Real Estate solutions
Demand Forecasting for Real Estate
Demand forecasting only generates compounding returns when it's wired into the daily workflows of property firms. Beryl Analytics embeds with your teams to ship analytics that change decisions, not just charts.
Why real estate teams choose Beryl Analytics for demand forecasting
- Deep-domain models. Every demand forecasting model we build is tuned to the realities of property firms — not the synthetic benchmarks you see in vendor pitches.
- Production-ready, not throwaway. We ship pipelines, monitoring, alerting, and runbooks — the boring stuff that decides whether the system survives contact with reality.
- Operator-first design. Insights live inside the tools your team already uses, with thresholds and ownership matched to how decisions actually get made.
- Governance built in. Lineage, explainability, and access controls aren't an afterthought — they're scoped from day one and signed off with your security team.

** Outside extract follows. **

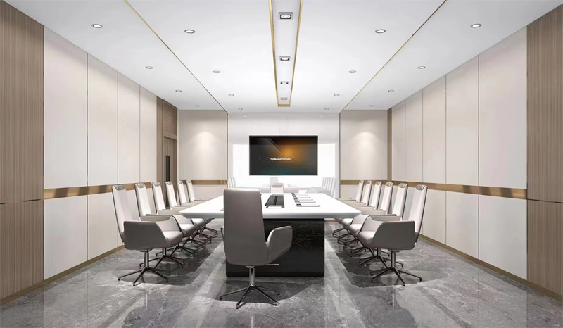 在裝修辦公公司時,會議室空間布局上位置可以離入戶口比較近,一來客戶進入公司后,可以很快的進入研討,二來也不會被來來往往的外邊人員頻繁地走動,影響會議的效果。如果業(yè)主希望既能保障會議室的隱私性,又想要空間透光性好。我們可以設(shè)置鋼化玻璃、石膏板隔斷里加隔音棉,與戶外窗戶的采光相結(jié)合,或者碰巧會議室所在的位置沒有窗戶,我們可以用霧化玻璃來給空間多一點“呼吸”。不同的色彩給人的感覺是不一樣的。會議室是需要經(jīng)常談判、開會的地方,對于不同的企業(yè)會議室的風格和色彩也是千差萬別的。傳統(tǒng)的會議室過于的壓抑和沉悶,同時還影響著整個談判場合的氣氛。但隨著更新?lián)Q代,我們常看見的金融類的企業(yè)不再是以深色為主,而是以暖色作為會議室的基調(diào),顏色就相比較內(nèi)斂一些,木色為主,金色為輔的格調(diào)。而科技類的會議室主要色調(diào)以藍色調(diào)為主,也是企業(yè)的主色調(diào),但是大多數(shù)企業(yè)主要是現(xiàn)代簡約商務(wù)風格,會議室設(shè)計主要還是以高端,大氣,質(zhì)感為主。

- Outcomes measured in dollars. We track impact in revenue, cost avoided, or risk reduced — never in dashboard counts.
How we deliver demand forecasting engagements
- 01
Data audit (week 1)
A focused review of what data you have, where it lives, and what shape it's in. Outputs a written read with the gotchas and where to start.
- 02
Contract & instrument (weeks 2-3)
We formalise the inputs the system will depend on — schemas, freshness SLAs, ownership — and instrument anything missing. No model without solid inputs.
- 03
Model + interface (weeks 4-7)
The model itself plus the surface your operators will actually use. Built together so the analysts who debug it know exactly what each output means.
- 04
Soft launch & calibration (weeks 8-10)
Live in a small slice of the business. We watch every decision the system informs, calibrate, and only then expand.
- 05
Full rollout
Scale to the full surface area with documentation, training, and an on-call playbook your team owns end-to-end.
Frequently asked questions about Demand Forecasting for Real Estate
How long does a typical Demand Forecasting engagement take for a real estate business?
Most demand forecasting projects for property firms land a working production slice within 4-6 weeks, then harden and expand over the following 8-12 weeks. Larger real estate programmes that touch multiple business units take 4-6 months end-to-end.
What data do you need to start a Demand Forecasting project in real estate?
Minimum viable inputs are 12-18 months of historical transactional or operational data, basic entity reference tables, and access to the systems that will consume the output. We can work with messy data — cleaning is part of the engagement.
Can Beryl Analytics integrate demand forecasting with our existing property firms systems?
Yes. We're tool-agnostic and have integrated with Snowflake, BigQuery, Databricks, Salesforce, SAP, Oracle, custom in-house platforms, and dozens of real estate-specific systems. Insights surface inside the tools your operators already use.
How do you measure success on a Demand Forecasting engagement?
Before we model anything, we agree the business decision the output will change and the dollar metric we're targeting — revenue lifted, cost avoided, or risk reduced. Demand Forecasting engagements in real estate typically return 4-12x within the first year.
Do you work with real estate businesses outside major NZ and AU cities?
Yes. We deliver remotely across New Zealand and Australia and visit on-site for discovery, key workshops, and go-live. Distance is not a blocker — many of our highest-impact demand forecasting engagements have been with regional property firms.